Let's confirm the data has its expected means:
obs_means = np.mean(data, axis=0)
obs_means
array([ 4.99862798, 9.95351358, -1.9301308 ])
That is close to our configured means. Let's see the covariance matrix:
np.cov(data.T)
array([[ 1.04670135, 0.74075551, 0.22196162], [ 0.74075551, 1.06484044, -0.31102634], [ 0.22196162, -0.31102634, 1.04063369]])
That also matches what we configured!
Let's do scatterplots:
sns.pairplot(pd.DataFrame(data))
<seaborn.axisgrid.PairGrid at 0x25699799e50>
We can see strong correlation between 0 and 1, and negative but much milder correlation between 1 and 2.
PCA¶
Now we're going to compute the mean-centered data in prepration for the PCA - thank you NumPy broadcasting:
mc_data = data - obs_means
mc_data
array([[ 0.31495493, 0.15103621, 0.64843064], [-0.35971896, -0.72851284, 1.70483699], [ 0.85736938, 0.82123538, -0.02870762], ..., [-0.50549327, -0.01401174, 0.97166465], [-0.08804494, -0.22270755, -0.12754766], [ 2.23581205, 2.57526884, -0.60898429]])
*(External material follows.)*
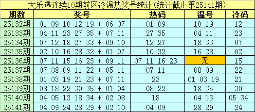 大乐透第25132期-第25141期前区奖号冷温热分布统计:
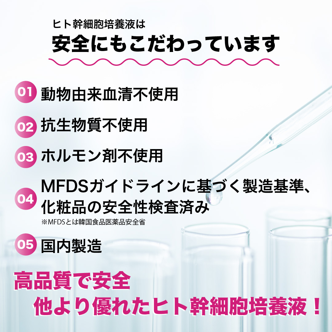 動物由来血清不使用。抗生物質不使用。ホルモン剤不使用、安心の国内製造。

And now we'll compute a 2D PCA:
P, sig, Qt = spla.svds(mc_data, 2)
P.shape
(500, 2)
Qt.shape
(2, 3)
sig
array([24.41604313, 29.99470823])
Qt
array([[ 0.34825608, -0.20454769, 0.91481033], [-0.68168465, -0.72513793, 0.0973705 ]])
Now, we're going to compute the explained variance from the singular values, following this discussion, as follows:
$$\lambda_i = s_i^2 / (n - 1)$$ev = np.square(sig) / (n - 1)
ev
array([1.19467568, 1.80297099])
The last row of the $Q^T$ matrix explains the most variance, because svds
returns the rows in order of increasing singular value instead of decreasing.
Let's actually look at the line:
plt.scatter(mc_data[:, 0], mc_data[:, 1])
pca_xs = np.linspace(np.min(mc_data[:, 0]), np.max(mc_data[:, 0]))
pca_ys = pca_xs * Qt[1,0] / Qt[1,1]
plt.plot(pca_xs, pca_ys, color='red')
#plt.scatter(Qt[:, 0], Qt[:, 1], color='red')
# plt.arrow(0, 0, Qt[1, 0] * 3, Qt[1, 1] * 3, color='red', width=0.05, head_width=0.3)
# plt.arrow(0, 0, Qt[0, 0] * 3, Qt[1, 1] * 3, color='green', width=0.05, head_width=0.3)
plt.ylabel('Dim. 1')
plt.xlabel('Dim. 0')
plt.show()
What if we want to see multiple ones?
lens = np.sqrt(ev) * 2
plt.scatter(mc_data[:, 0], mc_data[:, 1], color='lightsteelblue')
plt.arrow(0, 0, Qt[1, 0] * lens[1], Qt[1, 1] * lens[1], color='red', width=0.05, head_width=0.3)
plt.arrow(0, 0, Qt[0, 0] * lens[0], Qt[1, 1] * lens[0], color='green', width=0.05, head_width=0.3)
plt.ylabel('Dim. 1')
plt.xlabel('Dim. 0')
plt.show()
Comparing with SKlearn PCA¶
Let's compare this with SKLearn's PCA.
pca = PCA(2)
pca.fit(data)
PCA(n_components=2)
It learns the means:
pca.mean_
array([ 4.99862798, 9.95351358, -1.9301308 ])
It learns our matrices, although the rows will be in the opposite order:
pca.components_
array([[ 0.68168465, 0.72513793, -0.0973705 ], [-0.34825608, 0.20454769, -0.91481033]])
And it learns the explained variances:
pca.explained_variance_
array([1.80297099, 1.19467568])
These match what we got from svds
, with some possible sign flips and the reverse-ordered data points.